In this latest study, the team found that beta arrestin proteins are responsible for moving Smo to the primary cilium.

"The beta arrestin molecules mediate the interaction of the protein Smo with a motor protein that literally grabs the Smo and moves it to the primary cilium," said co-author Robert J. Lefkowitz, M.D., James B. Duke Professor of Medicine and investigator of the Howard Hughes Medical Institute. "We knew that the beta arrestins interacted with Smo, but we didn't fully appreciate the complexity of this interaction until now."

"The next step in our research is to look for ways that other GPCRs are put into position, not just Smoothened," Kovacs said. "We want to know how these receptors signal in a movement-dependent way. This may give us an idea about how different molecules work to turn on or turn off the signaling pathways" that cause these abnormal clinical conditions.

Dr. Lefkowitz theorized and discovered GPCRs years ago.

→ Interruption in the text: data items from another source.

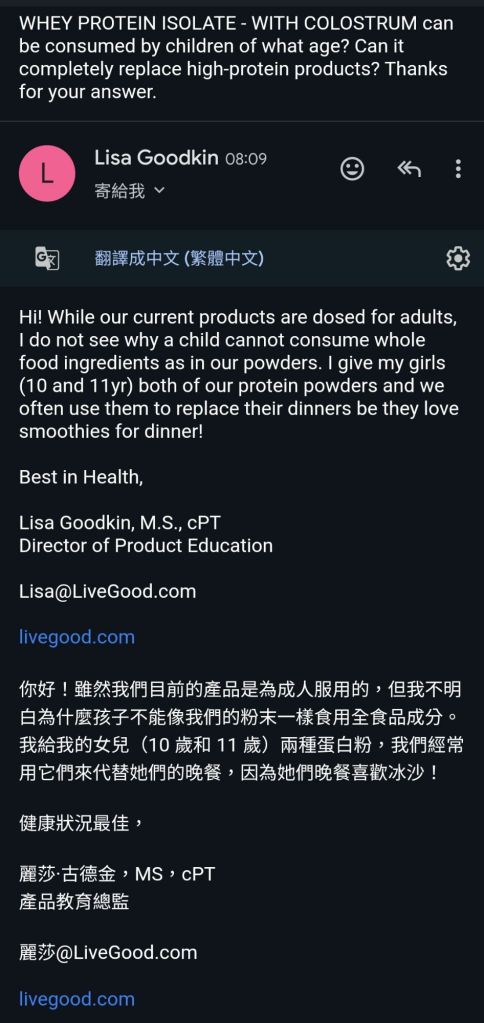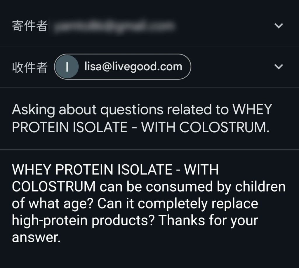 主旨:詢問WHEY PROTEIN ISOLATE – WITH COLOSTRUM相關問題
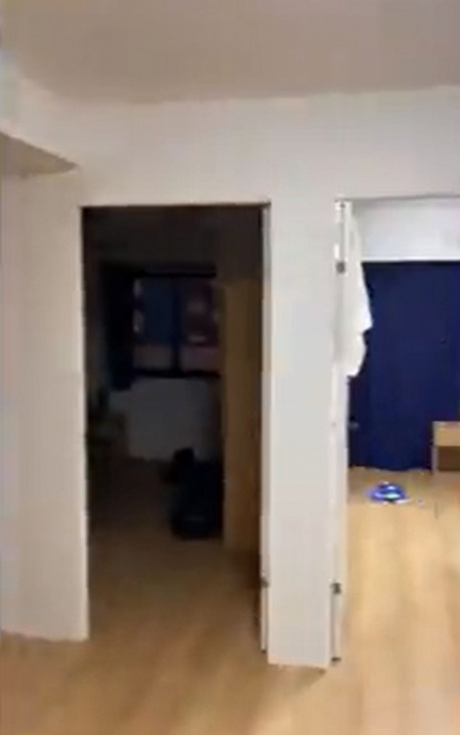 U sobi je jedan stočić i jedan otvoreni ormar za garderobu i to je sve.
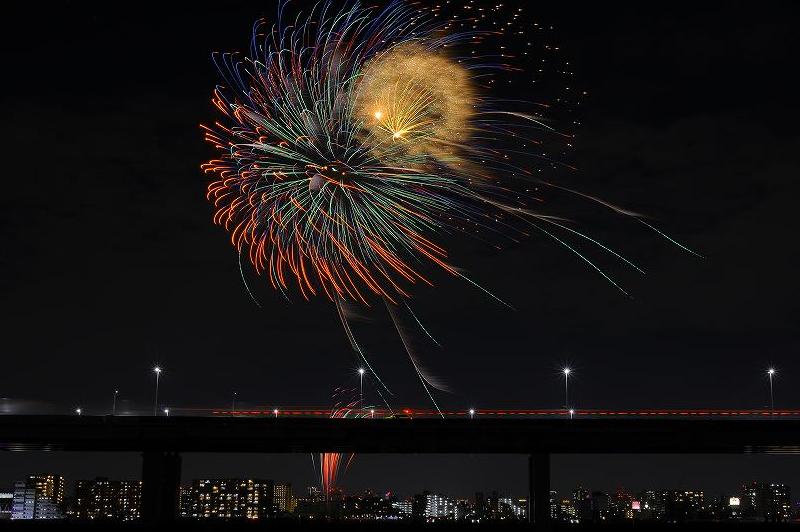 実際、花火が打ち上がってみると首都高速の向こう側に上がる花火は、それほどの高さもなく、勿論大きさも小さい。それよりも強風で形を成さず。散々な花火大会だった。花火だけならボツに近い撮影ですが、夜景が大変華麗なので、そちらを楽しんでいただけたらと思います。 |
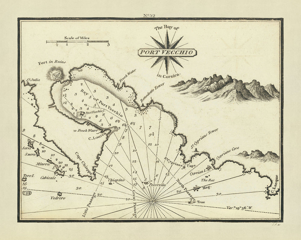 Antigua carta náutica de Porto-Vecchio por Heather, 1802: Batalla de las Íles Sanguinaires, naufragio de La Sémillante, Faro de Lavezzi
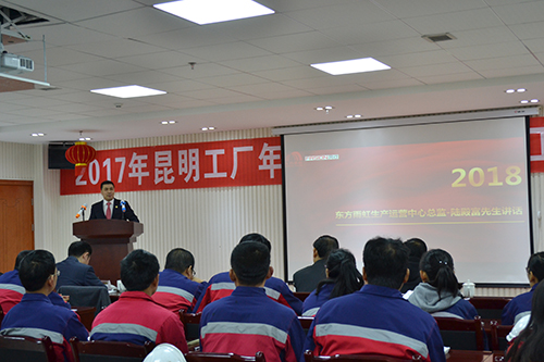 陸殿富先生作重要講話,他首先肯定了昆明生產基地在過去一年的變化與成長,隨后他要求生產基地全體人員要加強學習,夯實各崗位的本領,2018年昆明生產基地肩負重任,要從"產品質量、成本管控、創新與成果"等方面進行全面部署,希望生產基地全體員工腳踏實地,努力進取,在2018年實現全面超越自我。
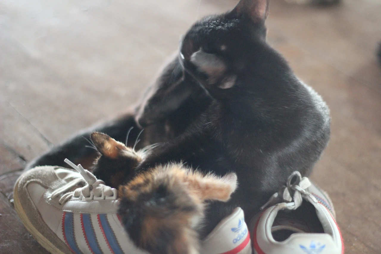 또 왜 하필 신발 위인가.. 깨끗하지는 않을 텐데 염려하면서요. 시간이 지나도 신발에서 내려올 생각은 않고 심지어 새끼 고양이는 신발 안으로 들어가고 어미도 신발에 몸을 비비는 광경을 보고는 고양이가 좋아하는 냄새라도 있는 건가 싶었습니다. 건기에서 최고조에 이른, 미얀마 신년 직전의 무더운 어느 날이었거든요. 어쨌거나 환영받는 느낌에 기분은 특별했습니다.
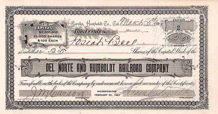 | Previous lot | Back | Next lot | | Lot: | 44 (U.S.A.) | | Title: | Del Norte & Humboldt Railroad | | Details: | 25 shares à 100 $ 5.3.1903. Gründeraktie. | Starting price: | 360,00 EUR | Issuing- date: | 05.03.1903 | Issuing- place: | Eureka, Humboldt Co., Cal. | | Picture: |  | | Number: | 2 | | Info: | Gegründet 1903 zur Verbindung der Verwaltungsbezirke Del Norte County, ganz im Nordwesten Kaliforniens, mit dem im Süden angrenzenden Humboldt County. Die Bahn wurde sowohl für Passagierverkehr als auch für Holztransporte benutzt. | | Specials: | Unentwertet. | | Availability: | Extrem selten. | | Condition: | EF. | | Sold: | 380,00 EUR |
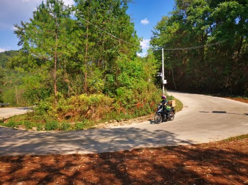 插上钥匙,转动把手,用力一蹬油门,李永梅骑着摩托车载着一箱邮件出发了,采访组也跟着她踏上了前往阿里村的邮路。通往阿里村的邮路并不难走,但因为大山环绕,一路上弯道密集,左摇右晃中,记者很快就感到头晕目眩,但前方的李永梅依旧稳稳地骑在摩托车上。她告诉记者,现在的邮路条件相比过去已经好很多了,但雨季的时候仍免不了被拦腰折断的高大树木挡住去路。“现在我每周进村投递3次,除了党报党刊,一般还会有十多件包裹,都是村民们买的蔬菜种子、食盐等农产品和生活用品。”
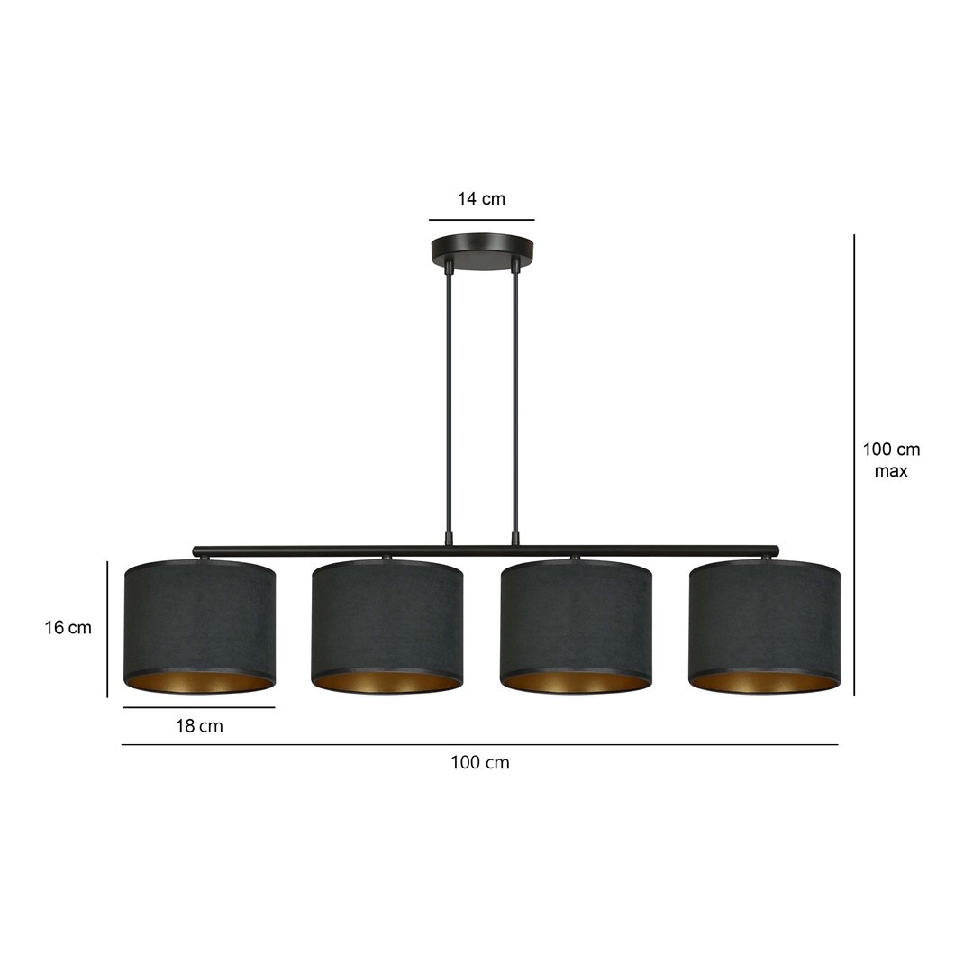 Die HILDE 4 BL BLACK Pendelleuchte ist die perfekte Wahl für moderne Innenräume. Mit ihrem eleganten, minimalistischen Design und der Kombination aus pulverbeschichtetem Stahl und einem schwarzen Stoffschirm schafft sie eine stilvolle Atmosphäre.
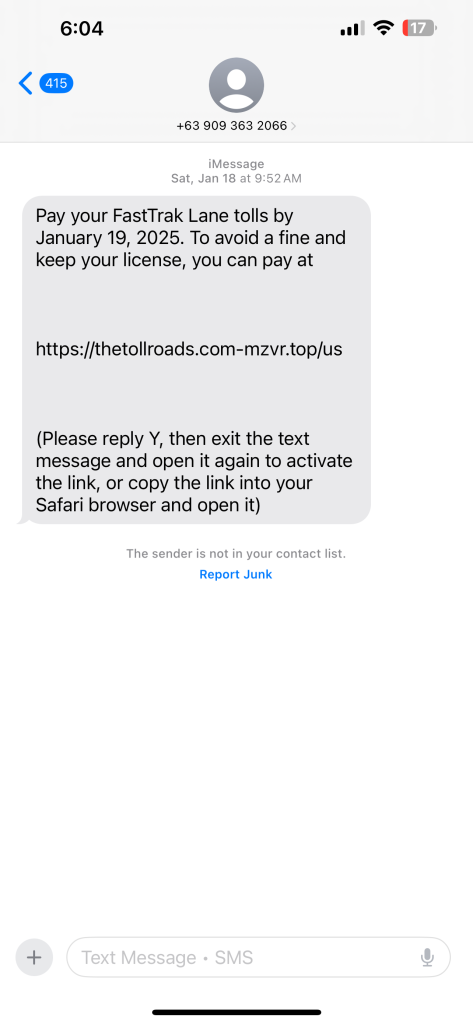 “Pay your FastTrak Lane tolls by January 19, 2025. To avoid a fine and keep your license, you can pay at [sketchy link].”
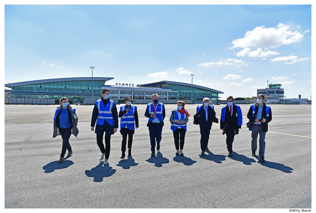 En parallèle de cette situation tourmentée, l’aéroport de Rennes Bretagne, propriété de la Région Bretagne et exploité par la SEARD – dont les actionnaires sont la CCI Ille-et-Vilaine (51 %) et VINCI Airports (49 %), a vu s’achever les travaux de rénovation de la piste principale le 7 mai dernier. Le 15 mai, quelques personnalités, peu nombreuses confinement oblige, se sont déplacées pour marquer la reprise de l’activité aérienne. Étaient notamment présents la préfète de la Région Bretagne Michèle Kirry et le vice-président en charge des transports de la Région Bretagne Gérard Lahellec.
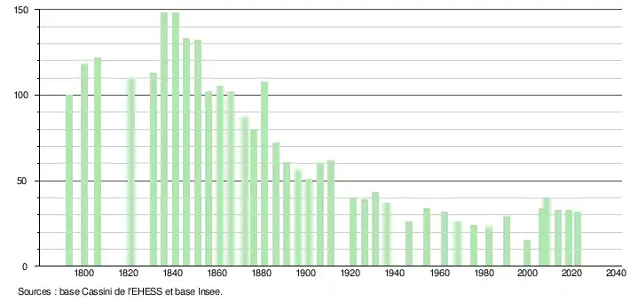 L'évolution du nombre d'habitants est connue à travers les recensements de la population effectués dans la commune depuis 1793. Pour les communes de moins de 10 000 habitants, une enquête de recensement portant sur toute la population est réalisée tous les cinq ans, les populations de référence des années intermédiaires étant quant à elles estimées par interpolation ou extrapolation[16]. Pour la commune, le premier recensement exhaustif entrant dans le cadre du nouveau dispositif a été réalisé en 2008[17].
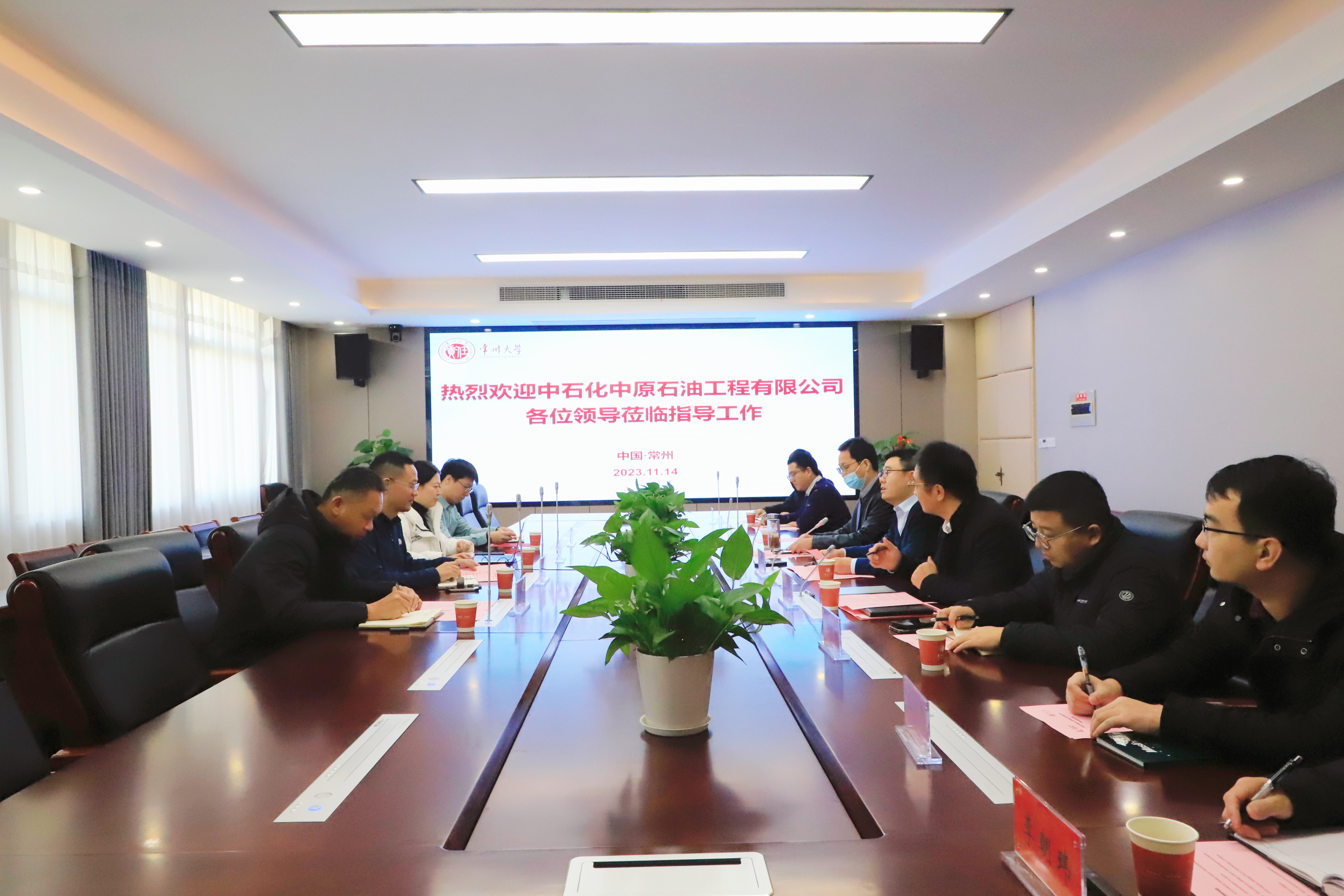 11月14日,中石化中原石油工程有限公司与常州大学产学研交流会在常州大学石油与天然气工程学院召开。中石化中原石油工程有限公司钻井工程技术研究院副院长胡建均,中石化钻完井液技术中心副主任单海霞,中石化中原石油工程有限公司钻井工程技术研究院华北项目部经理张麒麟、工艺所副所长杨玄到访参会。常州大学副校长王建浦,石油与天然气工程学院相关负责人,石工学院、环境学院、药学院部分教师参加会议。石油与天然气工程学院党委书记彭浩平主持会议。

His laboratory later discovered beta arrestins, named for their ability to turn off or "arrest" the receptors' activity. Recently, the lab has been discovering ways in which beta arrestins turn on signaling pathways as well as turning them off.

Other authors of the paper include Erin J. Whalen, Ph.D., Renshui Liu, Ph.D., Jihee Kim, Ph.D., Minyong Chen, Ph.D., Jiangbo Wang, Ph.D., and Wei Chen, Ph.D., of the Duke Department of Medicine, and Kunhong Xiao, Ph.D., of the Duke Department of Biochemistry. This study was funded by two NIH Research Project Grants and an NIH postdoctoral training grant.